Guide

How Audio-Reactive Visuals Work

FFT, BPM, onset detection, and LFO — five techniques

Visuals that flinch or swell with the music — familiar from any club wall or festival LED wall — are in fact five distinct signal-processing ideas stacked on top of each other: FFT, loudness, BPM detection, onset detection, and LFO. Each measures something different and fits a different kind of effect.

Reading time
About 6 min
Goal
Understand what "audio-reactive" actually measures
For
VJs, preset designers, developers
Prerequisites
High-school math (for the FFT idea)
How Audio-Reactive Visuals Work

Five techniques and where each fits

FFT (frequency analysis)
Short-Time Fourier Transform splits audio into energy per frequency band.
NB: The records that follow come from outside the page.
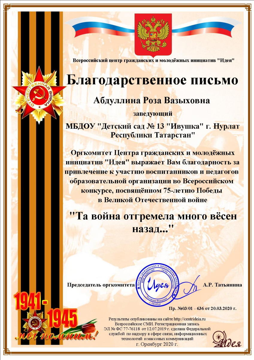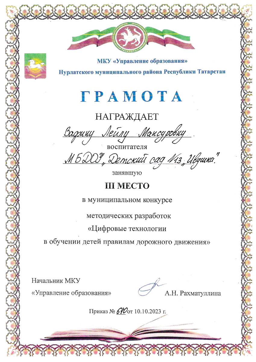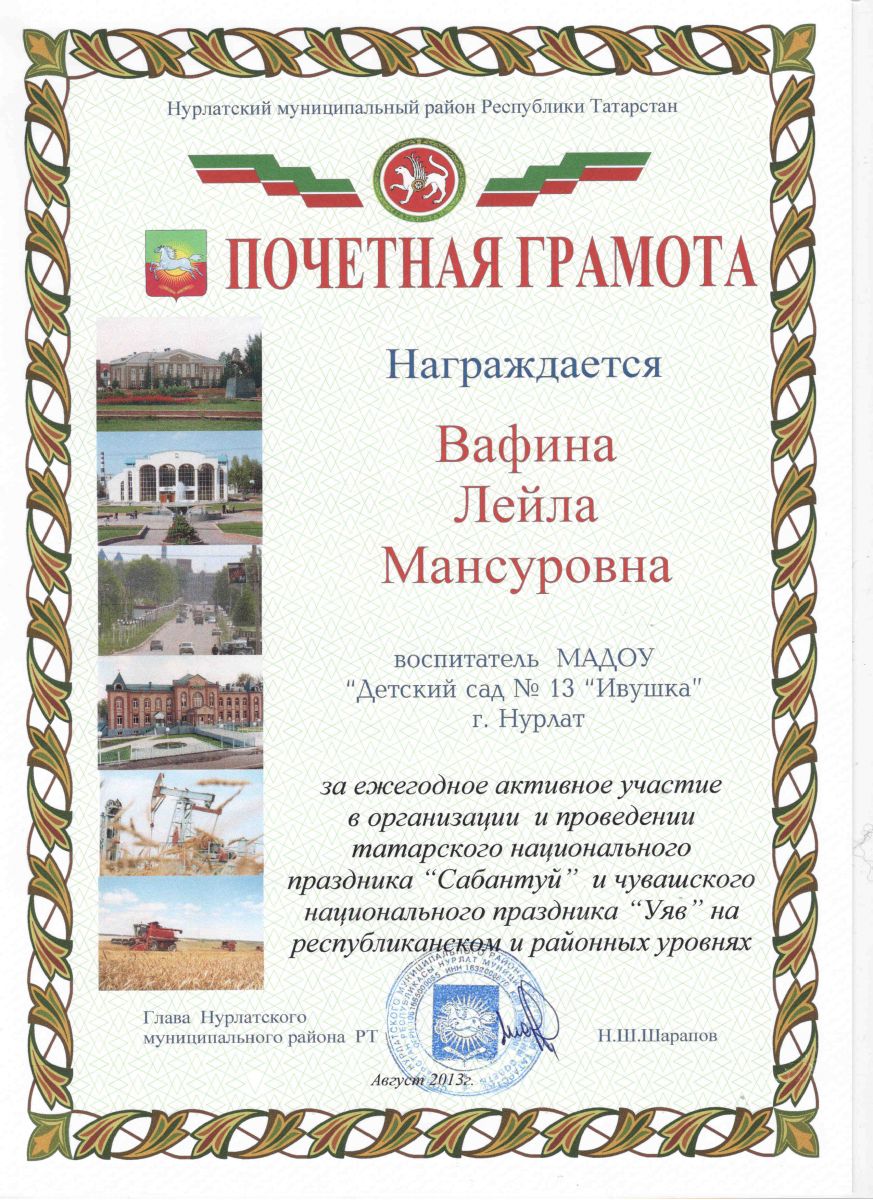 Благодарственное письмо. Татарча диктант. Вафина Лейла Мансуровна
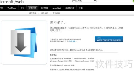 5、 下载并安装Microsoft Web平台安装工具,按提示完成设置即可。
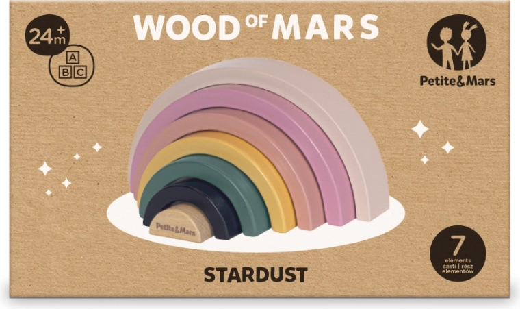 Curcubeul din lemn asamblabil STARDUST, în nuanța Aurora Pink, este o jucărie atemporală care dezvoltă în mod natural imaginația copiilor. Cele șapte semiceruri finisate fin pot fi ordonate, construite și combinate în forme diverse – de la poduri și tuneluri până la leagăne sau trasee cu obstacole. Copiii își exersează astfel motricitatea fină, coordonarea mână–ochi și gândirea logică.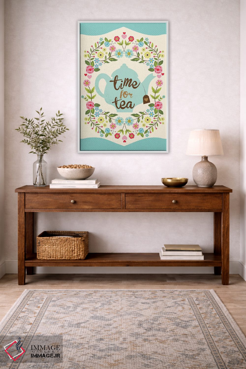 براساس پالت ترکیبی اثر، قاب تیک گرم (چوبی) پیشنهاد اول است و مشکی مات (فریم متوسط) مکمل. برای سفارشهای پروژهای با ابعاد و قابهای اختصاصی با ایماژ در تماس باشید.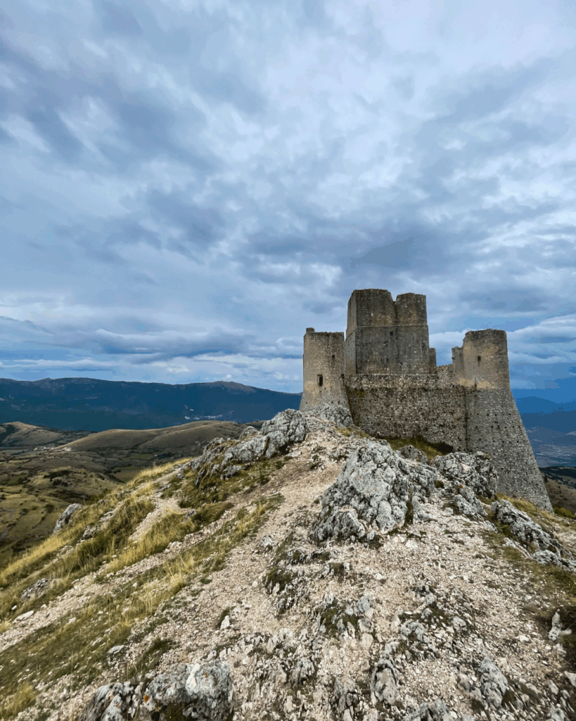 La giornata inizia sotto la pioggia: fiducioso mi dirigo verso Rocca Calascio (a mio avviso uno degli spot più belli del Cammino). Trovo riparo proprio nella taverna sotto la rocca e, in compagnia di qualche arrosticino, aspetto che il tempo migliori. Analizzando il radar meteo riesco a uscire appena la pioggia finisce e, facendo gli ultimi 10 minuti di sentiero, riesco a godermi tutta la rocca in solitaria.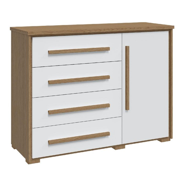 Cômoda Grande com Sapateira e 4 Gavetas Angra Rimo - Carvalho/branco Cor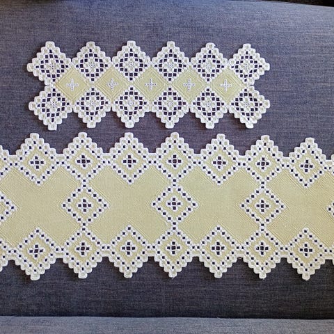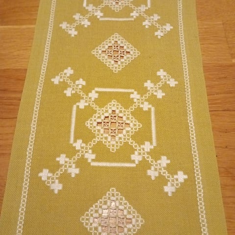 Vakker håndbrodert løper / duk i Hardanger søm. Brodert på bomull stoff i bege farge med hvit. Den er ny. Jeg sender gjerne men kjøper må betale for frakt.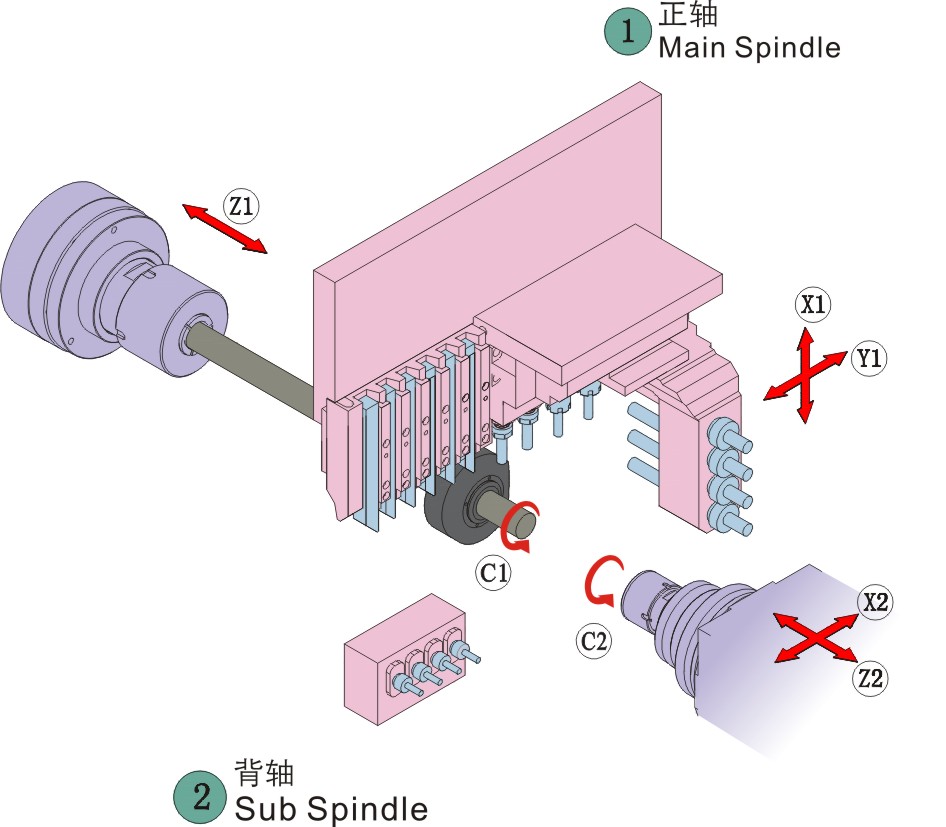 移動軸數5軸X 1 、Y 1 、Z 1 、X 2 、Z 2
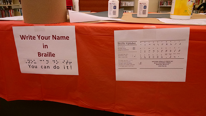 - Different activity stations highlighted different disabilities and different technology that can be used to assist them. This station highlights Braille and how to write your own name.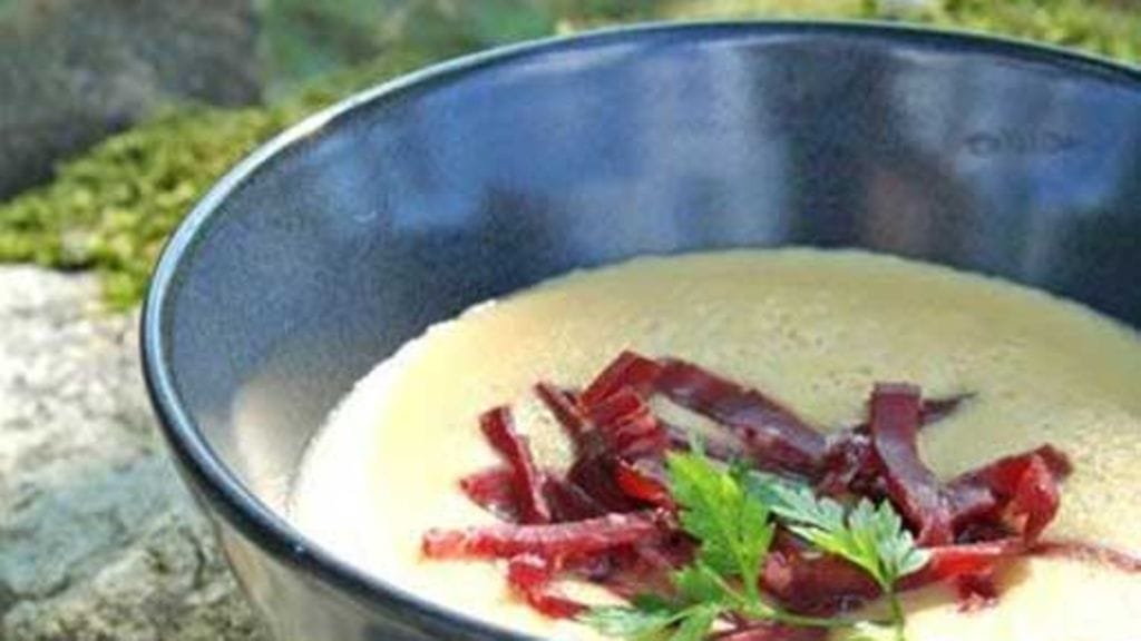 Hienonna ja kuullota sipuli kattilassa. Lisää kikherneet ja kanaliemi. Mausta paprikalla, suolalla ja pippurilla. Hauduta miedolla lämmöllä 10–15 minuuttia. Lisää kerma, nosta kattila levyltä ja soseuta keitto sauvasekoittimella. Leikkaa poroleikkele ohuiksi suikaleiksi. Annostele keitto kulhoihin ja ripottele porosuikaleet päälle. Koristele lopuksi kirvelillä.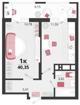 Продаётся 1-комнатная квартира в строящемся доме (Литер 13), срок сдачи: I-кв. 2026, общей площадью 40.35 кв.м., на 2 этаже. "Родные просторы"- самодостаточный

Bass (< 250Hz), mid (< 4kHz), high (< 16kHz) can be driven separately — "color shifts on bass," "sparkle on hi-hats." In the browser, AnalyserNode.getByteFrequencyData() exposes it immediately.
Loudness (RMS / peak)
Instantaneous volume. RMS tracks perceived loudness, peak catches transients. Mapping volume to brightness or scale is the simplest and most common reactive layer — the default baseline for live VJing.
BPM detection (beat tracking)
Estimates song tempo. Dance 120–140, hip hop ~90, drum-and-bass ~170. With BPM in hand, LFOs sync to the beat and per-beat cuts become possible. Accuracy drops in crowd-noisy clubs.
Onset detection
Spots sudden rises — kicks, snares, claps. Best for strobes, inversions, hard cuts. Typical algorithms watch spectral flux or energy deltas.
LFO (Low-Frequency Oscillator)
Runs independently of audio — sine, triangle, or saw at 0.1Hz to a few Hz. The only way to get "alive but not audio-reactive" motion. Blended with reactive layers, produces the natural-drift-plus-peaks feel that reads best over long sets.

Implementation environments

Professional rigs live mostly in Max/MSP (Cycling '74) and TouchDesigner (Derivative). Both ship FFT, onset detection, and BPM modules natively; wiring them to a visual node is enough to build reactive behavior. Max/MSP sits deeply inside Ableton Live as Max for Live — the native tool of artists like Robert Henke / Monolake.

In the browser, start from AnalyserNode in the Web Audio API. FFT, RMS, and waveform data are all available from plain JavaScript, feeding naturally into Three.js or Hydra. Butterchurn (jberg, a WebGL port of MilkDrop) is close to a complete audio-reactive visualizer out of the box, driven by preset files alone.